New York Gov. Eliot Spitzer arrives with his wife Monday for a press conference.
Now, after federal investigators have linked the New York governor to a top-dollar prostitution ring, political advisers are split over whether Spitzer has any political future at all.
"There's no way he can survive it," said Ed Rollins, a Republican political consultant and adviser to former presidential candidate Mike Huckabee. "All the facts aren't out there, but as they're being reported, there's no way you can survive.
"Not only is he a hypocrite, he may also end up being a charged felon."
On Monday, Spitzer publicly apologized for an undisclosed personal matter. He did not specifically mention the prostitution sting, nor did he resign. Watch Spitzer's apology »
The apology came four days after federal prosecutors announced the arrests of four people in an international prostitution ring that charged clients up to $5,500 an hour. A source with knowledge of the probe said that wiretaps in the case identify Spitzer as an unnamed client who met a prostitute on February 13 at a Washington hotel.
Many political professionals said they were stunned by Monday's developments regarding Spitzer, a man who once made a name for himself going after organized crime and Wall Street corruption as New York's attorney general.
"Obviously, the facts are going to come out in the next several days and the story will be told," said Robert Zimmerman, a political adviser and Democratic National Committee member. "But if the facts are as we suspect, it's very hard to imagine him staying in office."
But James Carville, a CNN political analyst and onetime adviser to former President Bill Clinton, said Spitzer could hold on to his position if the scandal remains strictly about sex -- or if it's revealed that his political enemies were responsible for leaking the story.
Carville mentioned other high-profile politicians who have weathered sex scandals, including Republican Sen. Larry Craig of Idaho, who pleaded guilty to a misdemeanor after his arrest in a men's room sex sting, and his own former client, President Clinton.
"All of us remember the Monica Lewinsky scandal and the immediate rush to judgment," he said. "A lot of people said, 'How could Bill Clinton survive a scandal like that?' Yet, he managed to survive.
"If it's not a financial or monetary thing involved, I don't know." Watch a discussion of Spitzer's political future »
On a more personal level, Dina Matos, the estranged wife of former New Jersey Gov. Jim McGreevey -- who resigned after an alleged affair with a male political aide -- said Spitzer should step down whether he thinks he can salvage his political career or not.

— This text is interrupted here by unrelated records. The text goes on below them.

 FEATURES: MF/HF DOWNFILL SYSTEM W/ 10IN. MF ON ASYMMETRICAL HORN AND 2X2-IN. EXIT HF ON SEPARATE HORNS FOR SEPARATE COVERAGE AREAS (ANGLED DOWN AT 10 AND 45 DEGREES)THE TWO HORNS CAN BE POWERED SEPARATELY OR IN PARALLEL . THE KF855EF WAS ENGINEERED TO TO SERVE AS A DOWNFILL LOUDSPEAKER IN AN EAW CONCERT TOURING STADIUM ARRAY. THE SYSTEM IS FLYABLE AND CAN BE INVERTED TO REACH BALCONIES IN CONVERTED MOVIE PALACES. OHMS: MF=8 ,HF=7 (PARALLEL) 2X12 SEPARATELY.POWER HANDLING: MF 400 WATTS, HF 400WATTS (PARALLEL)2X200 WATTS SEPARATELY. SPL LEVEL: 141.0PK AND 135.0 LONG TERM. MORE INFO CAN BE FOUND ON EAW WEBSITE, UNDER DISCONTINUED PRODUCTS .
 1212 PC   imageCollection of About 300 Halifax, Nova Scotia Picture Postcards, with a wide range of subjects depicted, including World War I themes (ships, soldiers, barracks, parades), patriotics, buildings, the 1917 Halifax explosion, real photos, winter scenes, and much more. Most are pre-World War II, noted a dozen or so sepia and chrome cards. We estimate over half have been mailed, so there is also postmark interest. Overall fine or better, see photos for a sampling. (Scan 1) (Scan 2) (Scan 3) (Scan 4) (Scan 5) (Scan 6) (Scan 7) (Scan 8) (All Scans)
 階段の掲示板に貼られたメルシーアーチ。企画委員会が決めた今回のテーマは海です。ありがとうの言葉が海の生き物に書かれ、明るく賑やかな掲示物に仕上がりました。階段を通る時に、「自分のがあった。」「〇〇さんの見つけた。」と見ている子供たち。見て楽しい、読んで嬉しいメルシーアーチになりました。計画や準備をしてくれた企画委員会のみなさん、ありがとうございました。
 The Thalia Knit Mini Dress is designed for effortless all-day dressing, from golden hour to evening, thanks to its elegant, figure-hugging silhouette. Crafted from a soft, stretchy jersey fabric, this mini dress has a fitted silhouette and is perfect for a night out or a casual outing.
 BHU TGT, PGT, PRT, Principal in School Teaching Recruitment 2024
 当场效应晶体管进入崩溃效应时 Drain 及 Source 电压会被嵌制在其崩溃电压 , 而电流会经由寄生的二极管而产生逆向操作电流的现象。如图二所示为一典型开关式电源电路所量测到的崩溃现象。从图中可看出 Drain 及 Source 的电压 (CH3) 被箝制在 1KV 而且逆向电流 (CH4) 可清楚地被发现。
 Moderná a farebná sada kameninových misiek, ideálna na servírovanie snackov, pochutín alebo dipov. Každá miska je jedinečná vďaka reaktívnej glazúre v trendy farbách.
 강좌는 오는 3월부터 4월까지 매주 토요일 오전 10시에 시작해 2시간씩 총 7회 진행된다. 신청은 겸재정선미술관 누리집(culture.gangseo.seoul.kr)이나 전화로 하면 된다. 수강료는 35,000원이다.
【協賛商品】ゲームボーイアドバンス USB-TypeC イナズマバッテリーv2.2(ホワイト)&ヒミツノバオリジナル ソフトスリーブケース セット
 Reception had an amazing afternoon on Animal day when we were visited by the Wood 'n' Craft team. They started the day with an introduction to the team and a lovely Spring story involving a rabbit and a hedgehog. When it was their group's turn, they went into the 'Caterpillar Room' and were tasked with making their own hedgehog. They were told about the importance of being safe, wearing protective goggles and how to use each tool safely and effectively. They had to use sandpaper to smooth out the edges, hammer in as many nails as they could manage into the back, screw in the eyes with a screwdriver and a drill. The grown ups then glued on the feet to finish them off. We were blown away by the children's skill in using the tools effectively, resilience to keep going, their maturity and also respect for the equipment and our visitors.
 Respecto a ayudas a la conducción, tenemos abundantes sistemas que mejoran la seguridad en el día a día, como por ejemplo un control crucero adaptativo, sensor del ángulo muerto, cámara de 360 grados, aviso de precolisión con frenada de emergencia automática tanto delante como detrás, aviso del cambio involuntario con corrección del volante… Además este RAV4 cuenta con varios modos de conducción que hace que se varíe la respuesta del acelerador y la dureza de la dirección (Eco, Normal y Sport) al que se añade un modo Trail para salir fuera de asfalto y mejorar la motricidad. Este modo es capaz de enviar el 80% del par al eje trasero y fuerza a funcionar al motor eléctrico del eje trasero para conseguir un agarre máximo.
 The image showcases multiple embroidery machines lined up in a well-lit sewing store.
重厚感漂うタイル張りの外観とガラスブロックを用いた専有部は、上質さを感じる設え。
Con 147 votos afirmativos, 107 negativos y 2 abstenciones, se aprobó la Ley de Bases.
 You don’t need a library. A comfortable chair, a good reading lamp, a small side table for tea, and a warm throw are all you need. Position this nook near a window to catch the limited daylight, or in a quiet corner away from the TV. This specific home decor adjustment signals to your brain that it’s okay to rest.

McGreevey, who announced he is gay and is now attending an Episcopalian seminary, and Matos are in the midst of divorce proceedings.
Matos said "was very difficult for the family" when her husband tried to hang on to the governor's office for several months after stories about the relationship with the aide surfaced.
"I thought Gov. Spitzer was going to announce his resignation today," Matos told CNN's "Larry King Live." "By not doing so, he's only prolonging the pain and and anguish and humiliation for his wife and family." Watch responses to the question: Will Spitzer have to resign? »
If Spitzer resigns, Lt. Gov. David Paterson would complete his term in accordance with the New York state constitution. Paterson, 53, is the highest-ranking African-American elected official in New York state.